Gains in the Chicago soy complex and European rapeseed tempered losses in canola, while little movement in Malaysian palm oil provided no firm direction.
There will be a better idea of where the canola harvest is at with the release of the weekly Manitoba crop report later this afternoon. Saskatchewan issues its report on Thursday, followed by Alberta on Friday.
The market will be positioning ahead of Thursday’s monthly supply and demand estimates from the United States Department of Agriculture. Meanwhile, Statistics Canada is scheduled to issue its principal crop report on Aug. 30.
At mid-afternoon, the Canadian dollar was stronger with the loonie at 79.82 U.S. cents compared to Monday’s close of 79.59.
There were 13,294 contracts traded on Tuesday, which compares with Monday when 8,154 contracts changed hands. Spreading accounted for 6,248 contracts traded.
Settlement prices are in Canadian dollars per metric tonne.
Price Change
Canola Nov 878.30 dn 3.90
Jan 864.40 dn 2.40
Mar 850.00 dn 0.60
May 832.40 up 0.90
SOYBEAN futures at the Chicago Board of Trade (CBOT) were higher on Tuesday following two private sales.
The United States Department of Agriculture (USDA) reported one sale for 132,000 tonnes to China and the other for 130,000 tonnes to unknown destinations. Delivery for both is to be during the upcoming marketing year.
On Monday afternoon the USDA issued its weekly crop progress report, and for the week ending Aug. 8 soybean conditions held at 60 per cent good to excellent. Soybeans blooming reached 91 per cent and soybean setting pods were at 73 per cent.
On Thursday the department will release its August supply and demand estimates. Dr. Michael Cordonnier of Soybean and Corn Advisor Inc. stated he’s keeping his soybean yield projection at 50 bushels per acre (BPA). However, the doctor stressed more rain will be required going forward.
The Brazil oilseed processors association Abiove has projected the country’s 2021 soybean exports at 86.7 million tonnes, for a 4.6 per cent increase over 2020’s exports. Abiove has pegged Brazil soybean production at 137.5 million tonnes, for a 7.5 per cent increase over 2020. Meanwhile CONAB estimated this year’s production at 135.98 million tonnes, upping its call by 660,000 tonnes from last month.
CORN futures were slightly lower on Tuesday with a private sale and corn conditions playing off of each other.
The USDA reported a sale of 182,880 tonnes of corn to Mexico. About 83 per cent is to be delivered sometime during the 2021/22 marketing year with the balance coming in 2022/23.

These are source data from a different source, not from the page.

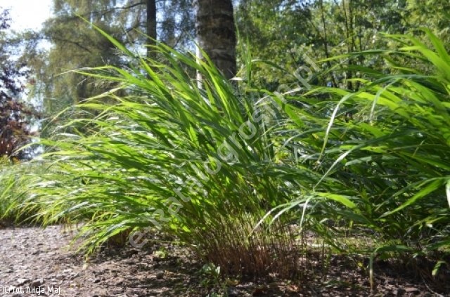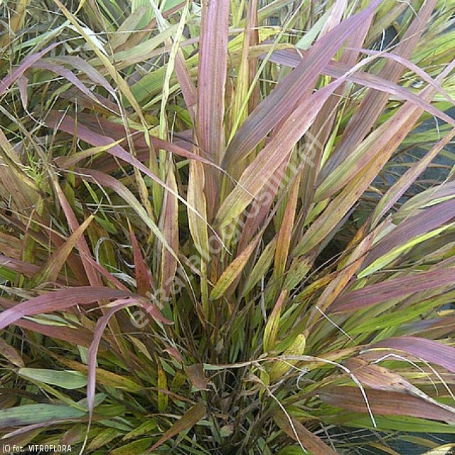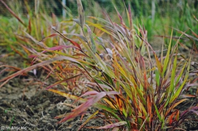 Wieloletnia trawa ozdobna tworząca kępę przewieszających się liści, charakteryzująca się intensywnym jesiennym zabarwieniem. Zarówno pędy jak i liście mają pokładającą się, kaskadową formę. Odmiana ta dorasta do wysokości około 50 cm oraz nawet 80 cm szerokości. Jesienią ukazują się subtelne kwiatostany w postaci zwisających wiech. Trawa o orientalnym pokroju. Liście początkowo zielone, malowniczo falują na wietrze. Późną jesienią podziwiać można czerwono-pomarańczowe zabarwienie liści. Dobrze rośnie na glebach przeciętnych, żyznych, umiarkowanie wilgotnych. Sprawdza się na stanowiskach półcienistych, jednak aby jesienne zabarwienie liści było mocniejsze, należy jej zapewnić słoneczne stanowisko i stale wilgotną glebę. Trawa łatwa w uprawie, mrozoodporna. Polecana do obsadzania brzegów rabat, stosowania w ogrodach orientalnych oraz jako roślina okrywowa.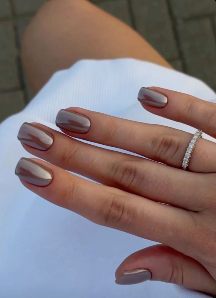 The picture showcases a stunning almond-shaped nails that are covered in a shiny taupe chrome, which displays a modern elegance. This design is suitable for a woman walking with confidence with her nails being a visible complement to her straight, modern wardrobe.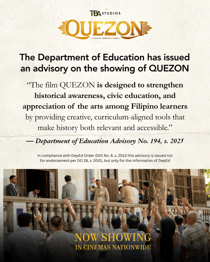 The Department of Education (DepEd) has expressed its support for TBA Studios’ historical film “Quezon.”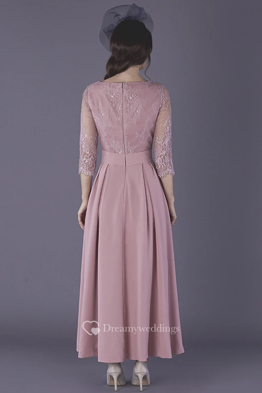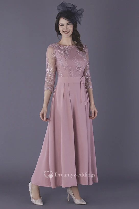 Elegant Chiffon 3/4 Illusion Sleeve Ankle Length Mother Of The Bride Dress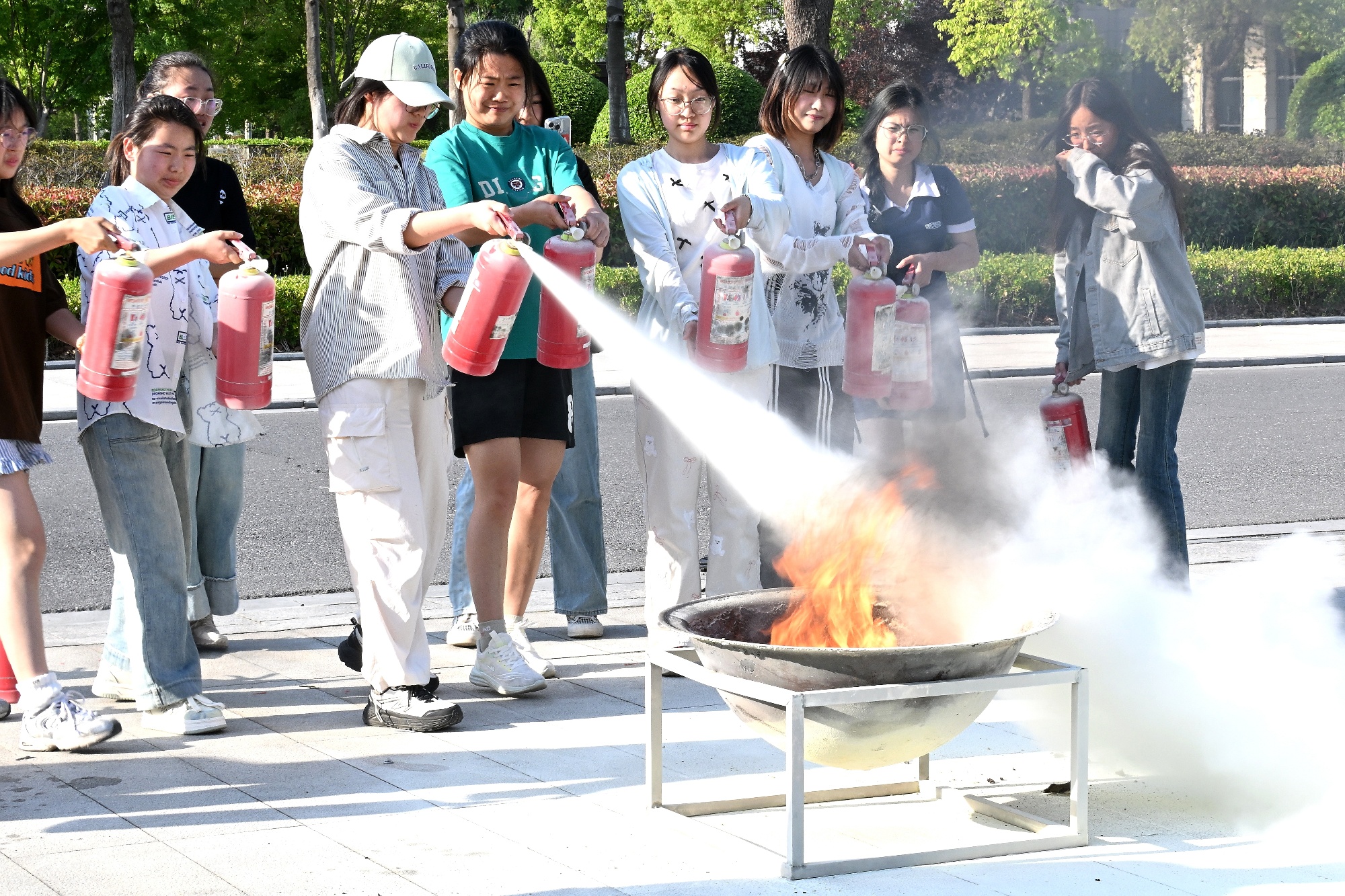 保卫处消防科科长陈小波讲解了常见消防设施的种类和灭火器的使用方法,十几名学生、高教后勤员工、保安代表进行了油盆灭火实战演练。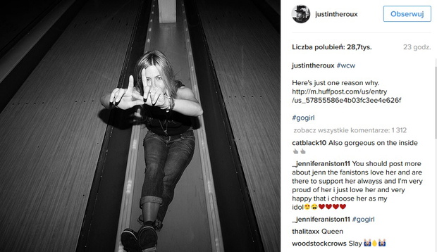 Jennifer Aniston jest w od zeszłego roku szczęśliwą żoną aktora i scenarzysty Justina Theroux, który bardzo mocno wspiera żonę w dyskusji na temat granicy prywatności i medialnym hienom. Wraz z pojawieniem się listu w sieci, Theroux wrzucił na swój Instagram portret Aniston z hashtagiem #go Girl.

The department said corn conditions improved by two points on the week at 64 per cent good to excellent. Corn silking hit 95 per cent and corn dough was at 56 per cent. The first report this year of corn dented registered at eight per cent.

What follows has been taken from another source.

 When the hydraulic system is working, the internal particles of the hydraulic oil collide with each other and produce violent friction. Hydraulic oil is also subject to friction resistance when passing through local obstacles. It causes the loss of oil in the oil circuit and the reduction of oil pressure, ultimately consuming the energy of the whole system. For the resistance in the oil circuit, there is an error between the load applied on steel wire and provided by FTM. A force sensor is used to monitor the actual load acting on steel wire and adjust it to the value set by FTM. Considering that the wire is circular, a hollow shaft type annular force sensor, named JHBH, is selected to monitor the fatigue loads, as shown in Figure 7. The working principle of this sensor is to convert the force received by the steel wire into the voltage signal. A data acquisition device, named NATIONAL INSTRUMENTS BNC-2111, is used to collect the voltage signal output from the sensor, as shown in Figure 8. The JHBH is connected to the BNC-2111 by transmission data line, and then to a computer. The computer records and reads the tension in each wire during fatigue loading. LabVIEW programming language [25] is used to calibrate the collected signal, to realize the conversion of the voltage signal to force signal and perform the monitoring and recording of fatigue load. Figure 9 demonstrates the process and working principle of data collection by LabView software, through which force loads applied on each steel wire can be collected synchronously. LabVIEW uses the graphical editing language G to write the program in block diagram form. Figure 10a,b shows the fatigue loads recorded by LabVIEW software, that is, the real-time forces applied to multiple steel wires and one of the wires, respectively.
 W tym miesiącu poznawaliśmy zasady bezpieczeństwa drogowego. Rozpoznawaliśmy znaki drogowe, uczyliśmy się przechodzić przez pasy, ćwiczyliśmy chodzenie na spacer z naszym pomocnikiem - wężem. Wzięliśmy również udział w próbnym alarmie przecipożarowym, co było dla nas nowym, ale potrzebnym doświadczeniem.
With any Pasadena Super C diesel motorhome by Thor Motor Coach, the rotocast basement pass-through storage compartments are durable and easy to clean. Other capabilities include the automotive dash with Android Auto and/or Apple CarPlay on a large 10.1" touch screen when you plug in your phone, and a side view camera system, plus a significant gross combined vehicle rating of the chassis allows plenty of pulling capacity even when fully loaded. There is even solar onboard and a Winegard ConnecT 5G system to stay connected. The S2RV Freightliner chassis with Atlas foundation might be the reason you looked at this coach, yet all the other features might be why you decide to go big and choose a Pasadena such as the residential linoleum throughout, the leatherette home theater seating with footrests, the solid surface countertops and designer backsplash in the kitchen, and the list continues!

Dr. Cordonnier has also kept his U.S. corn forecast at 175.5 BPA. He dropped his call on Brazil corn production to 84 million tonnes, while keeping his forecast for Argentina at 48 million.
The DTN Yield Tour estimated corn yields for Nebraska at 188 BPA, South Dakota at 143 and 120 for North Dakota.
AgRural reported the Brazil second corn harvest was behind pace at 58 per cent complete, versus 70 per cent a year ago.
WHEAT futures were higher on Tuesday, with doubled digit gains for the winter wheats and a moderate increase for spring wheat.
The USDA pegged the winter wheat harvest at 95 per cent complete, and this is the final week it will be reported. The spring wheat harvest more than doubled at 38 per cent finished.
The condition of U.S. spring wheat improved by a single point to 11 per cent good to excellent. Conversely spring wheat was at 61 per cent poor to very poor and in Washington it’s at 93 per cent poor to very poor to be the state with the worst wheat rating in the country.
Ukraine added another one million tonnes to its current wheat production, which is now at 30.5 million.
Rain was slowing the loading of vessels in France with wheat. In July only two vessels with loaded and were destined for France’s top wheat buyer Algeria, according to Refinitiv with eight ships this month either loading or were loaded.